Next, we examined the induction of these programs by soluble factors that are secreted by components of the tumor microenvironment and by related perturbations. The most dynamic programs were EMT-II and EpiSen, which responded in opposite ways to several of the perturbations (Fig. 6C, fig. S10A). As expected, TGF-β1 and TGF-β3 upregulated the expression of the EMT-II genes and increased migration in a wound healing assay (fig. S10B–C). Interestingly, TGF-β treatments also downregulated the expression of EpiSen genes, underscoring the potential interplay between EpiSen and EMT. A negative association between these two programs was further supported by the single cell profiles of HNSCC cell lines and tumors (Fig. 4D,F, S5E) and by our prior findings that EMT-high cells were enriched at the invasive edge, while EpiSen-high cells were enriched at the core of tumors5. Tumor cores are often associated with increased hypoxia, suggesting a potential mechanism for the spatial enrichment of senescent cells. In accordance with this possibility, the hypoxia mimetic desferrioxamine (DFO) induced the expression of the EpiSen program. A similar effect was observed upon hydrogen peroxide treatment, consistent with oxidative stress as a potent inducer of senescence35 (Fig. 6C). Taken together, the EpiSen and EMT-II programs reflect cellular plasticity that exists in certain cell lines even in the absence of perturbations and the native tumor microenvironment, but they are further induced by stresses (e.g. hypoxia and oxidative stress) and by secreted factors (e.g. TGF-β).
Co-existing subpopulations differ in drug sensitivity
An important implication of cellular diversity in cancer is the possibility that distinct subpopulations of cells respond differently to treatments and thereby facilitate treatment failure and recurrence. Thus, we compared the sensitivities of EpiSen-high and EpiSen-low subpopulations sorted from each of the two model cell lines selected (Fig. 7A). We initially screened 2,198 bioactive compounds using a CTG-based viability assay (fig. S11A–C). Putative hits (n=248) defined based on differential sensitivity or the ability to kill both subpopulations (≤10% viability) were selected for a secondary screen performed in duplicates in each cell line (Fig. 7B). Compounds that killed both subpopulations in the primary screen were tested at reduced concentration in the secondary screen. The secondary screen identified 113 compounds with differential killing of the subpopulations in at least one cell line (Table S9).
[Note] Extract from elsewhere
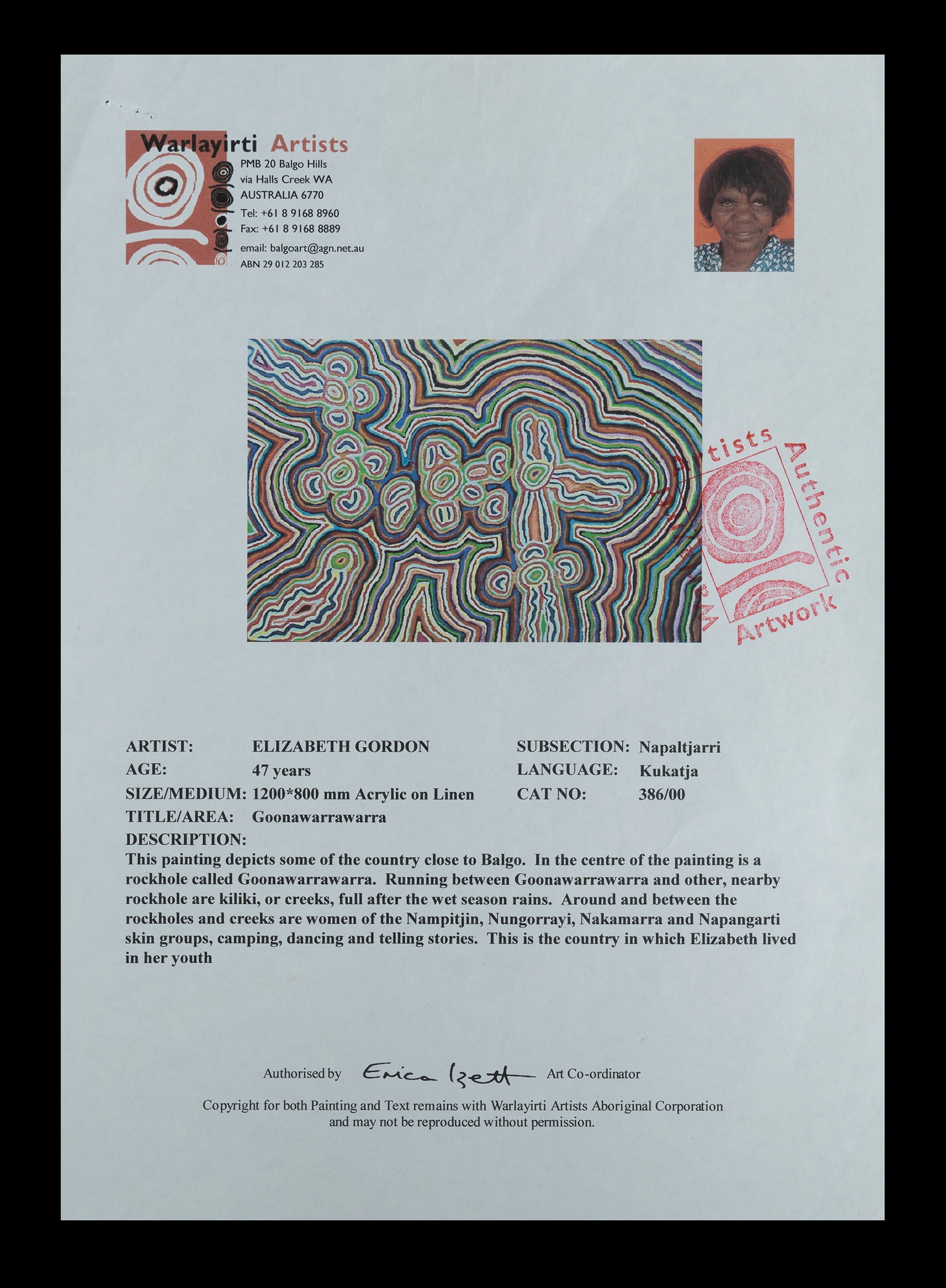 NAPALJARRI, Elizabeth Gordon (Aboriginal b.1954) 'Goonawarrawarra,' 2000. The work depicts the country close to Balgo, rockholes and creeks are full after wet season rains. Women are camping, dancing and telling stories. Acrylic on Linen 116x74.5cm PROVENANCE: Warlayirti Artists, cat #386/00 - certificate of authenticity available.Estimate $800-1,500

Of the hits with preferential sensitivity of EpiSen-high cells, >40% were shared between both cell lines. This fraction of shared hits further increases to 71.4% (for both cell lines) when considering the targets of compounds rather than the exact compounds, highlighting consistent vulnerabilities of EpiSen-high cells. Fourteen compounds with differential sensitivities, including five shared hits and nine that were specific to one cell line, were analyzed by a full dose response (Figs. 7C, S11D, Table S10). All five of the shared compounds, and five of the nine cell line-specific compounds (56%), displayed significant differential sensitivity as in the secondary screen (P<0,05, paired t-test).
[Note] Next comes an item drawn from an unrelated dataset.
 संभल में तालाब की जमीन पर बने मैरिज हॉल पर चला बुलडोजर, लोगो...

As expected, EpiSen-high cells were more sensitive to the senolytic compound ABT-73736 while EpiSen-low cells were preferentially sensitive to inhibitors of cell cycle regulators (CDKs, CHK1 and topoisomerase), consistent with their increased proliferation. Additional EpiSen-high sensitivities included multiple inhibitors of EGFR, AKT, PI3K, DNA-PK, IGF1R, and JAK (Fig. 7B). Several of these targets (DNA-PK, IGF1R and AKT) converge on repair of double-strand breaks as part of the DNA repair machinery37,38. Together with the observation that hydrogen peroxide induces the expression of EpiSen genes (Fig. 6C), these results reinforce the role of DNA damage as a potential inducer of this RHP. The PI3K/AKT axis is hyper-activated in HNSCC, and resistance to PI3K inhibition in HNSCC is AXL-dependent39. Accordingly, EpiSen-high cells (which are defined by low AXL expression) were more sensitive to inhibitors of PI3K and AKT, as well as those of EGFR and IGF1R that signal via the PI3K/AKT axis.
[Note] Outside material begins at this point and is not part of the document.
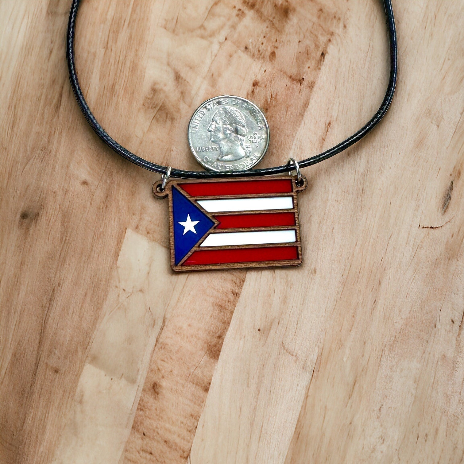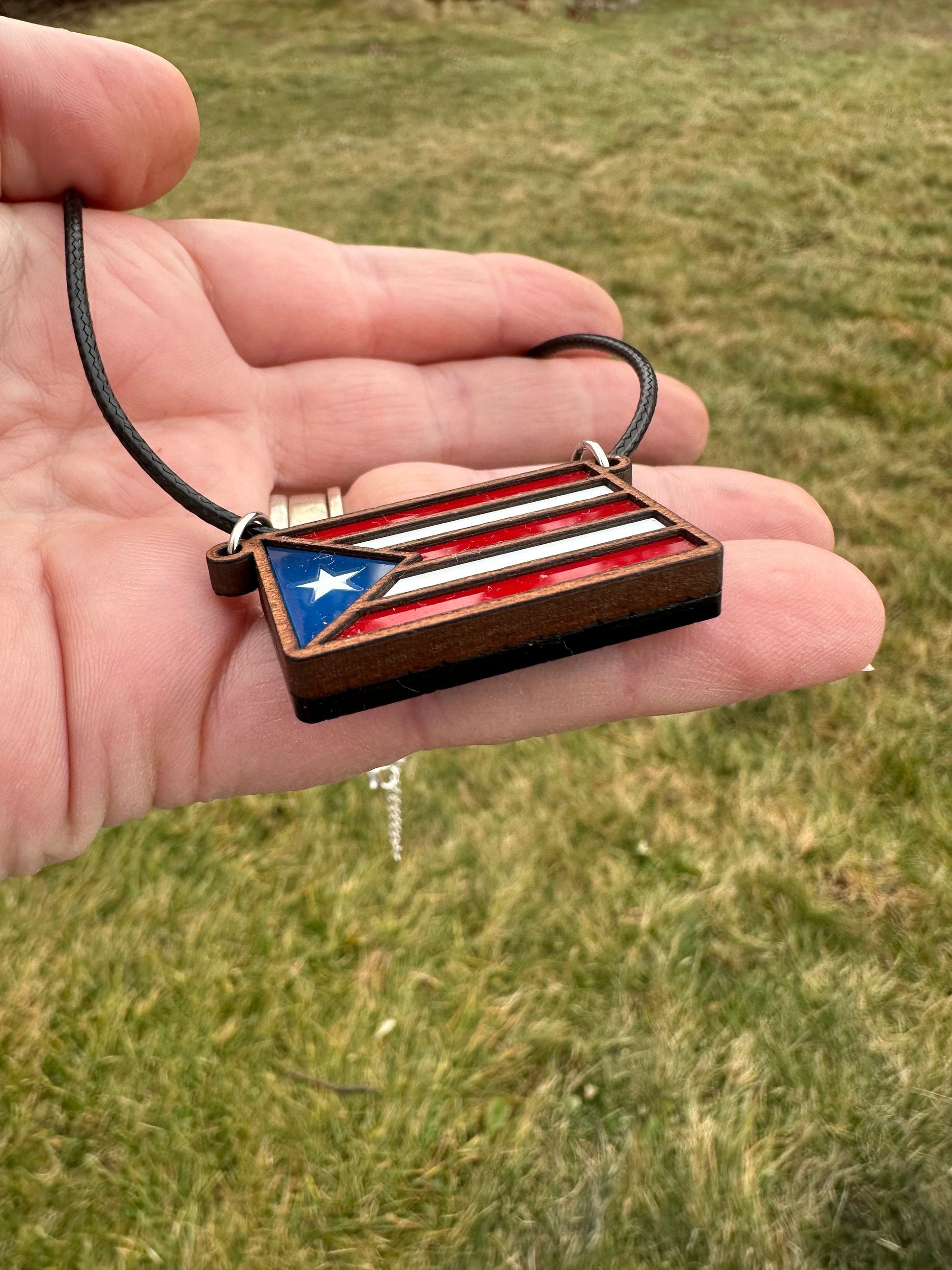 Puerto Rican Flag Pendant: Layered Wood & Acrylic Boricua Necklace

Apart from cell cycle inhibitors, EpiSen-low cells in SCC47 (HPV+, p53 WT) also had increased sensitivity to multiple proteasome inhibitors. In contrast, all subpopulations of JHU006 (HPV−) were sensitive to proteasomal inhibition. The differential sensitivity to proteasomal inhibitors between different HNSCC cell lines is consistent with previous studies, which ascribed those differences to HPV and p53 status40 and to activation of NFkB41. Our analysis further highlights differential sensitivity to such inhibitors within the same cell line (SCC47) and a connection to the EpiSen program. EpiSen-low cells in SCC47 also had increased sensitivity to drugs that induce cell death by sensitizing cells to ferroptosis (the GPX4 inhibitor RSL3, Erastin, and the SLC7A11 inhibitor Sorafenib) (Fig. 7B). Recent work demonstrated that mesenchymal cells are particularly sensitive to ferroptosis-inducing compounds42,43. Thus, sensitivity to ferroptosis-inducing compounds may be increased in cells with mesenchymal features, consistent with previous work, and decreased in cells with features of senescence.
Taken together, EpiSen-high and EpiSen-low cells are associated with differential vulnerabilities that are largely consistent across two model cell lines and potentially across human tumors. In addition to these differential sensitivities, we also observed consistent sensitivities between EpiSen-high and EpiSen-low cells that were shared between cell lines. Nine compounds killed both subpopulations (viability ≥ 10%) in both of the cell lines (Table S9), including disulfiram (Antabuse), which was proposed recently as a potential HNSCC therapy44,45.
EpiSen subpopulations are predictive of clinical drug response
Of the multiple differential vulnerabilities described above, the increased sensitivity of EpiSen-high cells to multiple EGFR inhibitors captured our interest due to its potential clinical relevance. Cetuximab is an EGFR inhibitor routinely used for the treatment of HNSCC patients46. Most patients with recurrent or metastatic HNSCC progress shortly after Cetuximab treatment, combined with platinum-based chemotherapy, but a minority of patients have long progression-free survival (PFS). To examine the potential relevance of EpiSen in clinical response to Cetuximab, we examined bulk pre-treatment transcriptome data of 40 recurrent or metastatic HNSCC patients, stratified by PFS following Cetuximab treatment46. Twenty six patients had short PFS (PFS<5.6 months) while fourteen patients had long PFS (PFS>12 months).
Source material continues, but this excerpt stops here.